I Lost My Car, Still Searching for Life

This series was supposed to start a little differently.

I was supposed to go into some background on why “Unwritten” exists. I was supposed to tell you how I’ve had a lot of pent up feelings and situations that I never really spoke about, and how being more vulnerable and transparent has been my thing lately. So, I wanted to be open and honest. Not just when things are good, but when things are rough too. I wanted to open up more about fears, and how scary mine are, but how I’ve been working to not let them define me. I wanted to be transparently motivational (we’ll coin that as a term for now).  But then, I lost my car. And to be honest, the world around me stopped for what feels like 10 years.

I want to preface this by saying – It’s not about the car. If I had to choose between my life and my car, thank God for breathing. But that’s the thing. I haven’t been breathing. I haven’t been living. I haven’t just been for the entire year. If I’m being honest, life has been extremely hard for me. I’ve lost something, or have gone through something, every. Single. Month. In the year 2018. So losing something that I’ve worked so hard to get at a time where, in my eyes, I had not much more to lose, really did something to me.

I’ve been trying to find the words for those feelings, while silently piecing together everything that’s been happening to try and find myself again. To find the lesson. But I haven’t been very good at it.

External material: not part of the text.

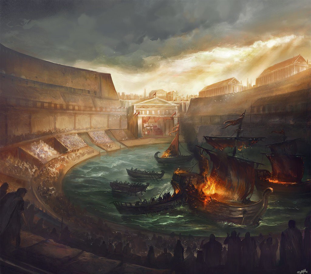 1. Навмахия — морской бой с участием настоящих кораблей. Римляне строили для этого специальные амфитеатры с водой, в которых сражались корабли. Итогом такой игры становилось множество погибших людей.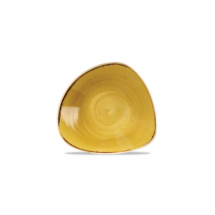 The Churchill Stonecast Mustard Seed Yellow Triangular Bowl measures 7.25" around. The slightly irregular, triangular shape of the bowl makes it an interesting plating choice for an eye-catching tabletop presentation. The nature of the ceramic manufacturing process means that every piece of Stonecast will be slightly different, adding to the overall charm of the range and making it more appealing to mix and match different products. The Mustard Seed Yellow would work well with neutral colours, serving as a standout on the tabletop.

Back in February 2016, I made a down payment on my first car. This comes years after broken promises from someone I’ve been trying to establish a consistent familial relationship with for years that it would be coming “soon”. But, soon never came for me. After becoming friends with the clerks at Greyhound stations all over the East Coast, to finally making enough to “upgrade” to Amtrak, maybe picking up a few rentals here and there, I got her. Miracle. I found my Miracle.

From long evening drives and loud speakers when my mind just didn’t want to process my day to day life, to surprise visits to my mom or brother, to just getting out and seeing parts of the United States and helping to make curating random events easier. Miracle has been a lifelong treat, and a great start to my adulthood.

But then I lost her.

October 11, 2018 – I was heading into work after a hard conversation with a friend about how hard this year really has been for me. How things are changing before my eyes in my then relationship, my family life, and even down to my career. I was dealing with change after change after change that I knew I needed to take action on and finally figure out.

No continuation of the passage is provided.